そう。私は老いた。そんな認識が自らを諧謔に乏しい老いた存在へ変化させる一因にもなってしまっている。己のふがいなさを恨みつつ、己の情けなさに胸を抉られる感覚を味わいつつ、私という存在をそのような人間にしてしまった大きな要因である万能の道具へと視線を落としてゆく。そうして視線を両腕へ落とすと、視界には見慣れた金と銀の中間のようなエレクトラムの色に輝く腕輪が映りこんできた。

「プレートは所有者の在り方の具現、か」

太陽の光を浴びて煌々とした琥珀色の光をばら撒く己の左右の手首のそれぞれに装着されているこれら二つの腕輪は、プレートと呼ばれる万能の道具がアリュアッテスという私に適応した結果に生み出されたものだ。

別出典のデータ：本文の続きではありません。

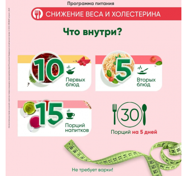 Piegādes nosacījumiSvara un holesterīna samazināšanas uztura programma Mazkaloriju 5 dienu uztura programma. 2 nedēļu laikā samazina svaru vidēji par 3,4 kg. Normalizē kuņģa-zarnu trakta darbību, izvada no organisma vielmaiņas produktus. Paātrina vielmaiņu. Veido veselīgus ēšanas paradumus.

プレートは、かつての時代に存在していたお優しい誰かの『誰もが何不自由なくこの世界を謳歌して欲しい』という願いによって生み出された道具であるという。そんな綺麗といえば綺麗すぎる願いによって生み出されたプレートにはそして、そんな過保護といえば過保護すぎるどこかの誰かの望みを叶えるべく、人間の体内に宿る機能と、宿った人間の知恵と知識と経験を蓄えておく機能と、宿った人間の肉体の成長に応じて己の姿を変える機能と、熱を無限に貯蓄出来る機能がやがて備わるよう改良されてきた代物だ。

「プレート……」

子どもの頃にはその未熟な体を壊さぬよう本当に最低限の働きしかしないプレートは、けれども成長して体が出来上がってゆくにつれて真価と機能を発揮し始める。体が出来あがってくるにつれてプレートは、自身を保有する対象者が生活するさなかで疑問を抱く、或いは、対象者が自らの持つ知恵や知識や経験の不足を感じると、己の保有する知恵や知識や技能を自動的に刻みつけるようなるのだ。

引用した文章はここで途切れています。